Kernel Smoothing for Longitudinal Data and Semi-parametric Efficient Estimators
主 题: Kernel Smoothing for Longitudinal Data and Semi-parametric Efficient Estimators
报告人: Lu Wang (Department of biostatistics，Harvard University)
时 间: 2006-12-27 下午 1:00 - 2:00
地 点: 理科一号楼 1303
Longitudinal data analysis is challenged by the fact that observations from the same subject are likely to be correlated. In this situation, conventional profile-kernel method fails to yield a semi-parametric efficient estimator for the parametric coefficients in a semi-parametric model. Wang, Carroll and Lin proposed an iterative kernel generalized estimating equation (GEE) estimator, which accounts for within-cluster correlation and is more efficient.
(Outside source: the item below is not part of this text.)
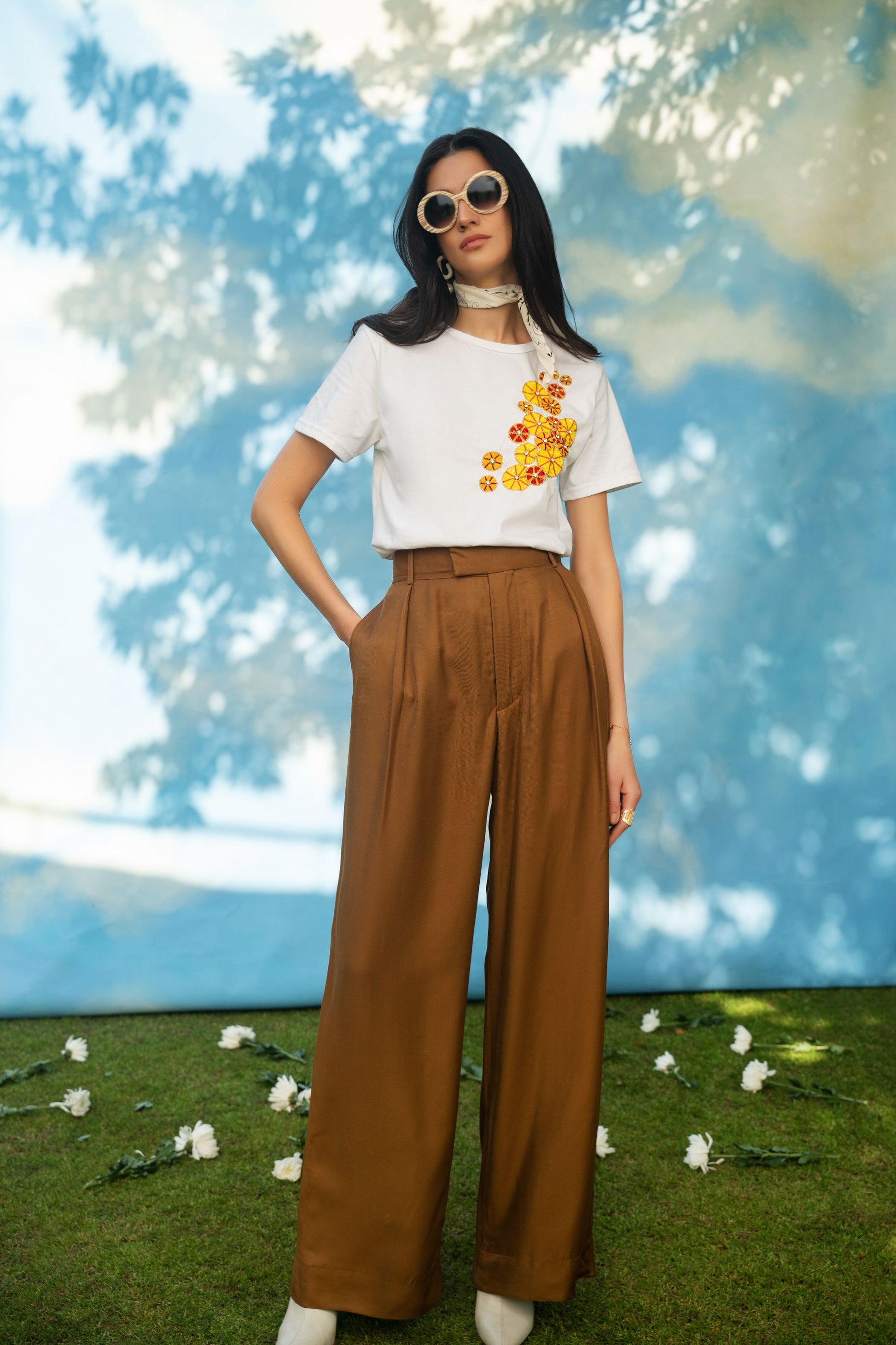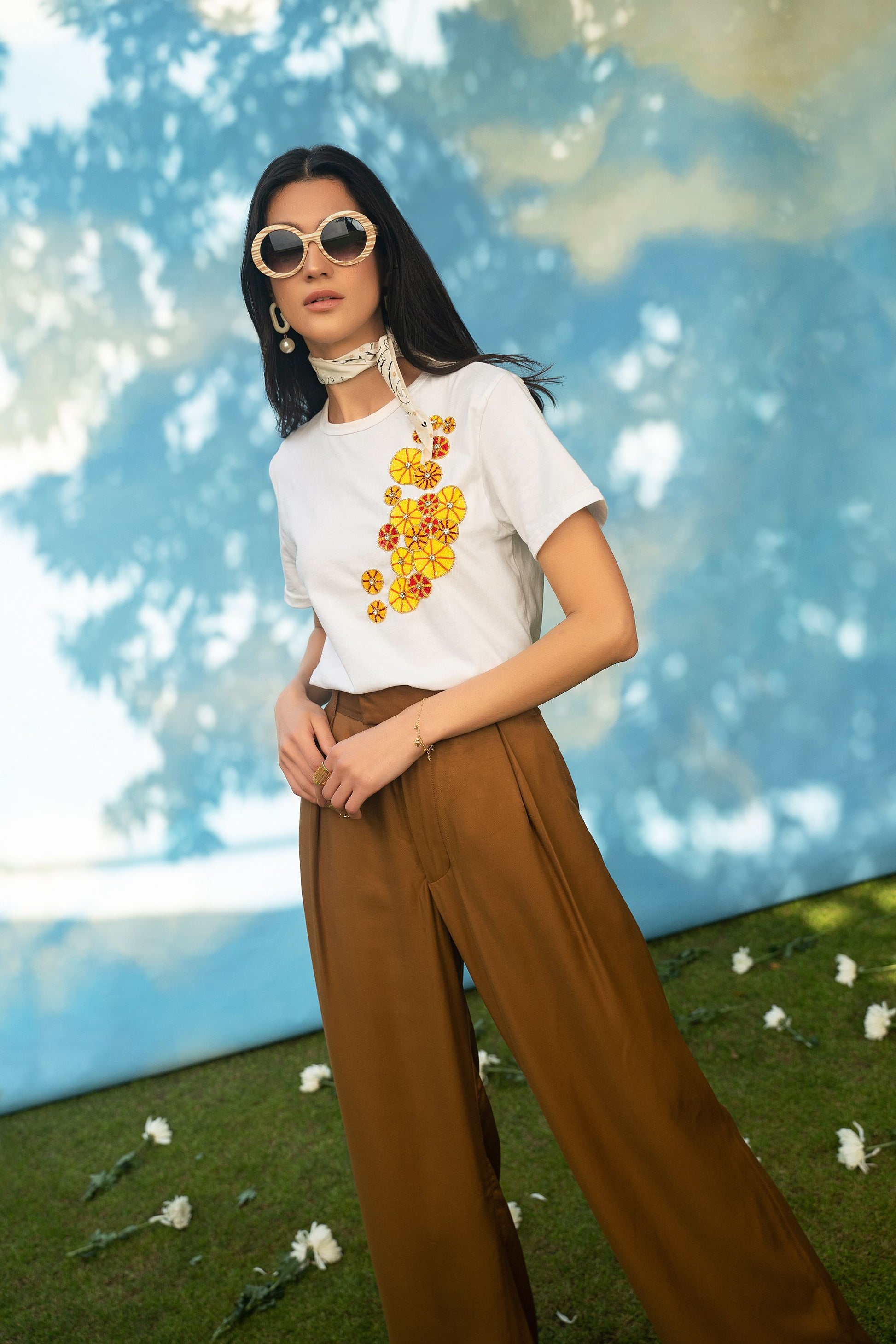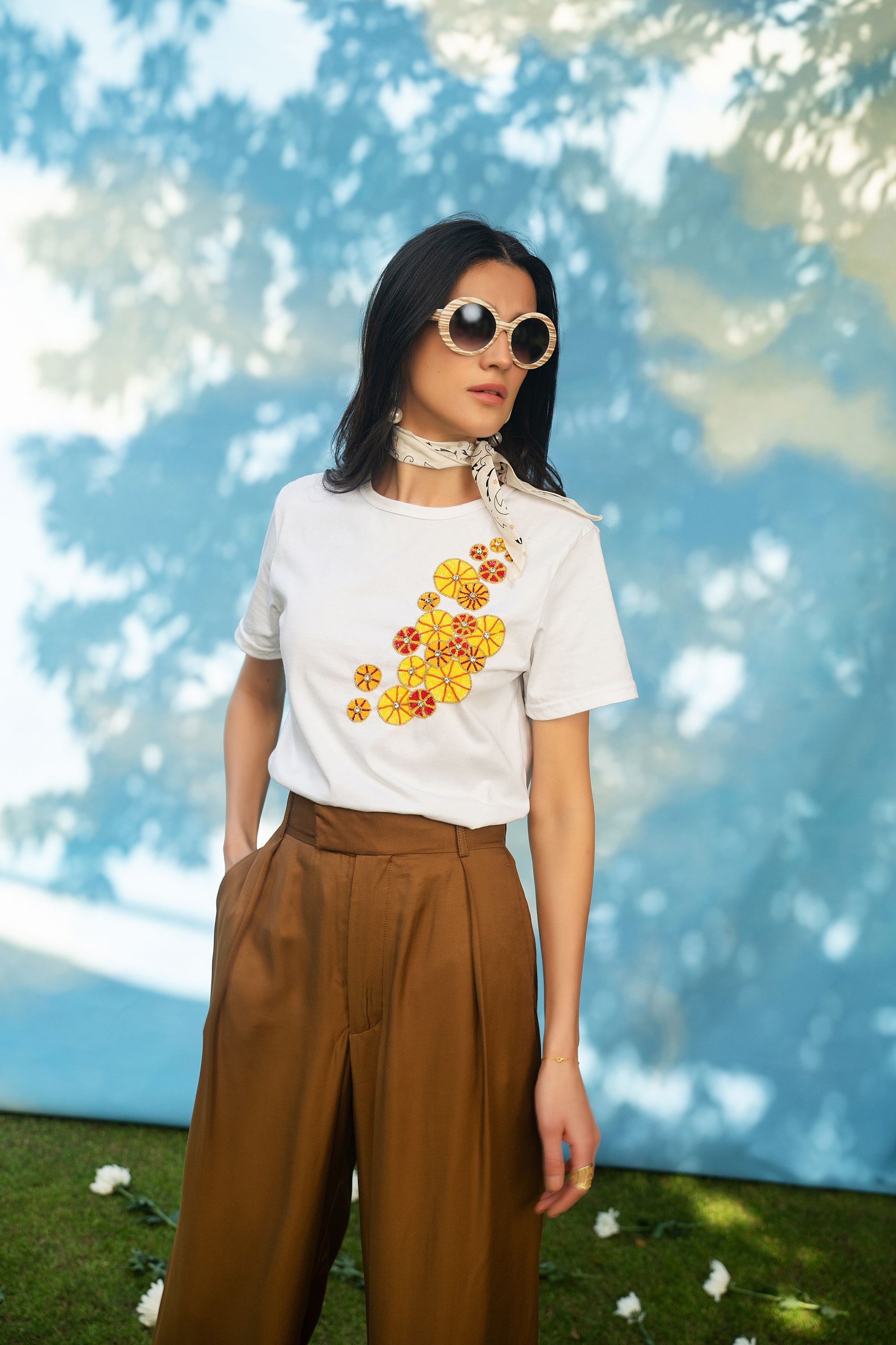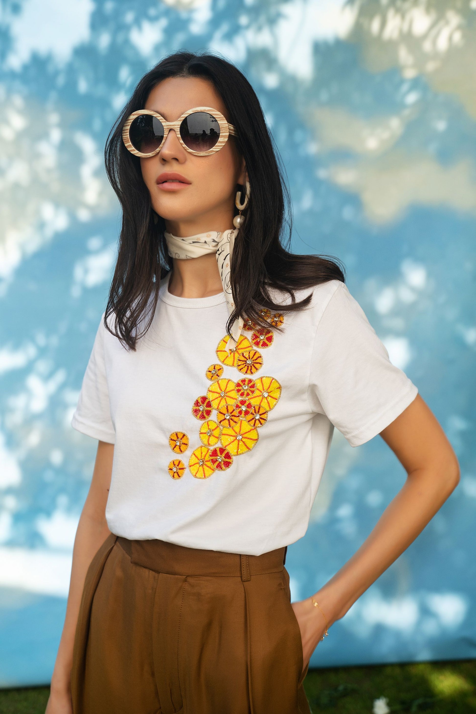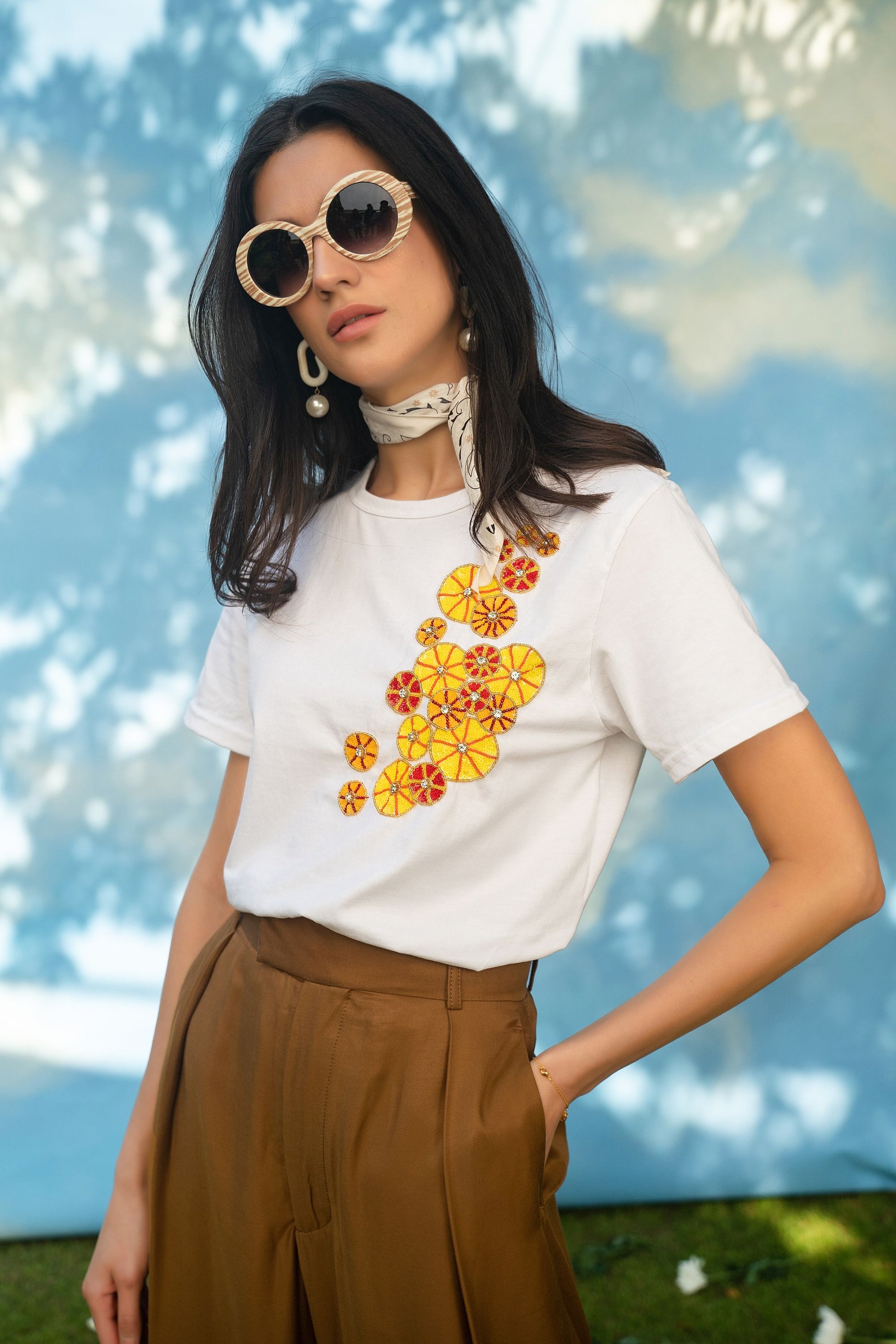 BOYFRIEND FIT ORGANIC COTTON T- SHIRT, HAND EMBROIDERED WITH SEQUINS AND SWAROVSKI.

We recently derived the semi-parametric efficient score function and the semi-parametric information bound in general scenarios under the semi-parametric conditional mean model and showed that the iterative profile-kernel GEE estimator is actually semi-parametric efficient. In this talk, we will present different kernel smoothing techniques and discuss their performance when analyzing longitudinal or clustered data. We will also review the techniques for investigating semi-parametric efficiency and discuss the asymptotic properties for the iterative profile-kernel GEE estimator.
kernel smoothing; longitudinal/clustered data; generalized estimating equation; iterative kernel GEE estimator; semi-parametric efficient score; semi-parametric information bound.